Byline: ON THE JOB by Bureau of Labor and Industries For The Register-Guard

Question: I am a co-owner of a company. A couple of weeks ago, while I was out of town, one of my business partners loaned an employee $50 from the petty cash till. I returned to town on payday, signed all the paychecks, and distributed them to employees. My partner then told me about the employee who borrowed $50. I immediately told the employee that he would have to pay back the money right away or I would take it out of his next paycheck.

As luck would have it, the employee didn't come in to work the next day and he hasn't been back since I spoke to him.

I called the employee's house and spoke with his mother.
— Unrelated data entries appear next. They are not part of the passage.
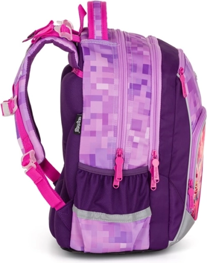Sac à dos scolaire OXY GO Playworld Girl léger et confortable pour filles du primaire (1re–3e classe), offrant un dossier anatomique et respirant, des bretelles réglables et des éléments réfléchissants pour la sécurité. Grâce à son volume de 22 l, à un agencement de poches bien pensé et à un fond rigide et imperméable, tout reste organisé et au sec.
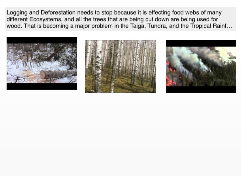 Logging and Deforestation needs to stop because it is effecting food webs of many different Ecosystems, and all the trees that are being cut down are being used for wood. That is becoming a major problem in the Taiga, Tundra, and the Tropical Rainforest
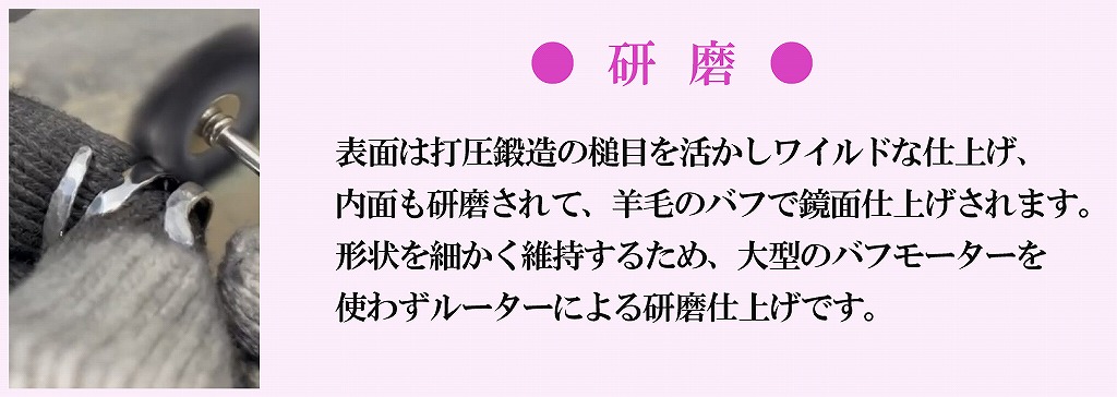 でも実はこのリングは甲丸形状に打圧を加えて行き、打ち目をヤスリで慣らして鏡面仕上げするという、二手間も三手間もかけた逸品です。

Once I explained the situation to her she gave me permission to stop payment on the paycheck we'd given him and to reissue a new paycheck less the $50 he owes the company.

I arranged for a stop payment on the employee's paycheck, but I haven't yet issued a new check to him with a deduction for the $50 loan repayment.
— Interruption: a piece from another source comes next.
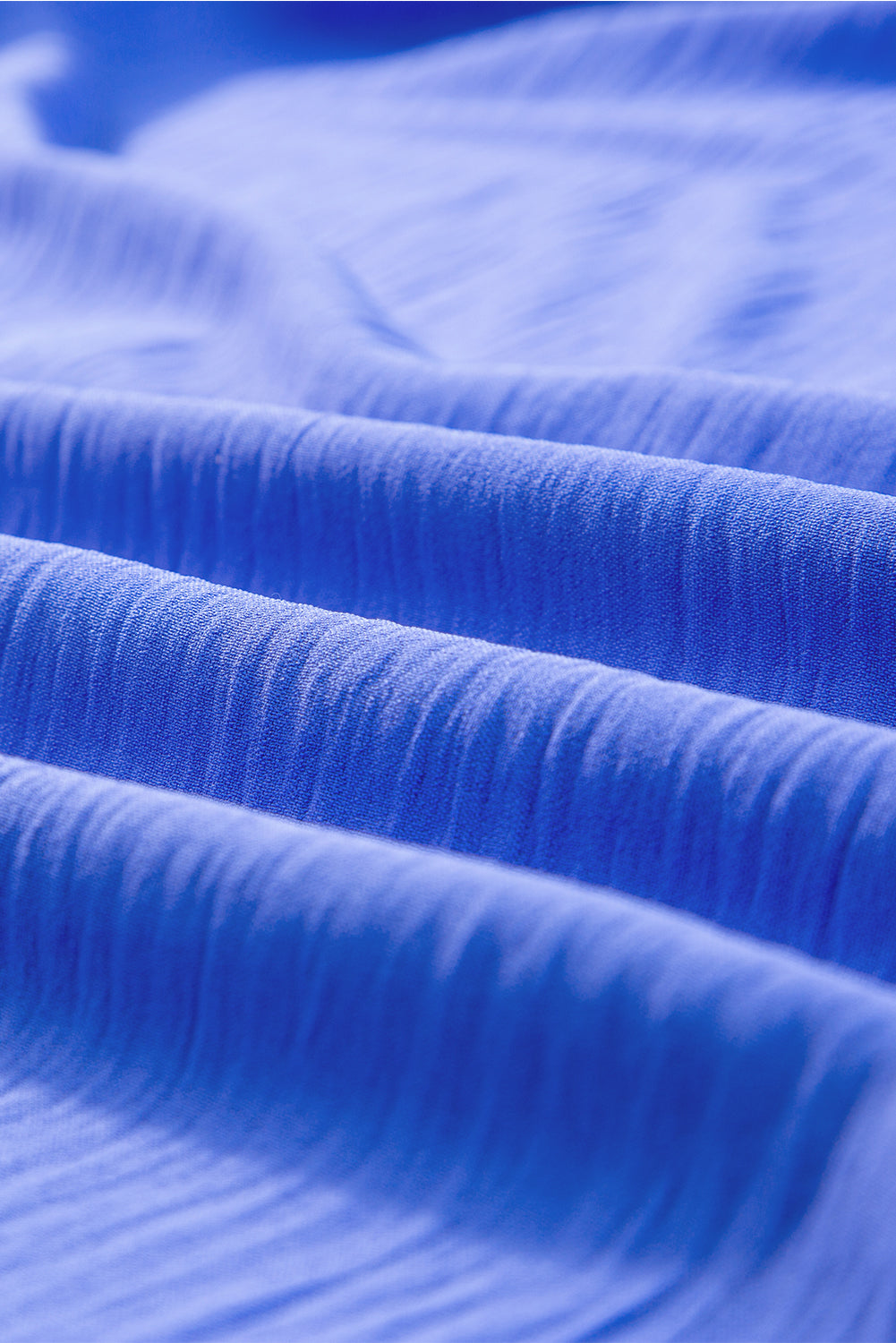 Dark Blue Boxy Collared Smocked Sleeve Cuffs Blouse

Today I came in to work and was greeted by a nasty e-mail from the employee complaining because our bank refused to honor his paycheck (the one I stopped payment on).

My question is, since the employee is so angry with us and threatening, are we potentially liable for how we handled this matter?

Answer: As an employer you should focus on fulfilling your legal obligations related to the employee's paycheck.

There are two significant legal requirements that, from the facts you provide, your company already has violated and/or will soon violate: you have failed to provide the employee his final paycheck within legal time limits, and subtracting the $50 loan amount from the next paycheck you issue to the employee will violate statutory restrictions on paycheck deductions.

Employers must provide the final paycheck to a departing employee who fails to provide at least 48 hours notice to the employer by the fifth working day (after the employee departs) or on the next regular payday, whichever occurs first.

Since the employee has been a no-show for several work days, you probably would be correct to view him as a former employee. However, you would be safer if you had a policy specifically stating that after a certain amount of time away without explanation, an employee is considered to have been `voluntarily terminated' or to have resigned without notice.

It has been longer than five working days since the employee left the company, yet you admit that you still have not provided to him a valid and negotiable paycheck. You should make the employee's final paycheck available to him immediately, without any deduction for the $50 loan (as explained below). Otherwise, you could be subject to potentially significant monetary penalties.

As for any deductions to the employee's final paycheck for the company's recovery of the $50 loan, you must evaluate whether the planned deduction satisfies any one of the five categories of lawful payroll deductions. These five types of deductions are the only ones that ORS 652.610 allows:

Deductions required by law (for example, taxes or garnishments);

Deductions that are for the employee's benefit (such as health insurance premiums) as long as the employee has signed a written authorization for the deduction;

Other deductions authorized by the employee in writing as long as the employer is not the ultimate recipient of the money (charitable contributions, for example);

Deductions authorized by a collective bargaining agreement; or

A deduction from a final paycheck for a cash loan to an employee, if the employee has voluntarily signed a loan agreement and as long as the loan was for the employee's sole benefit.

Such a deduction may not exceed 25 percent of the employee's disposable earnings or the amount of disposable earnings in excess of $170 per week, whichever is less.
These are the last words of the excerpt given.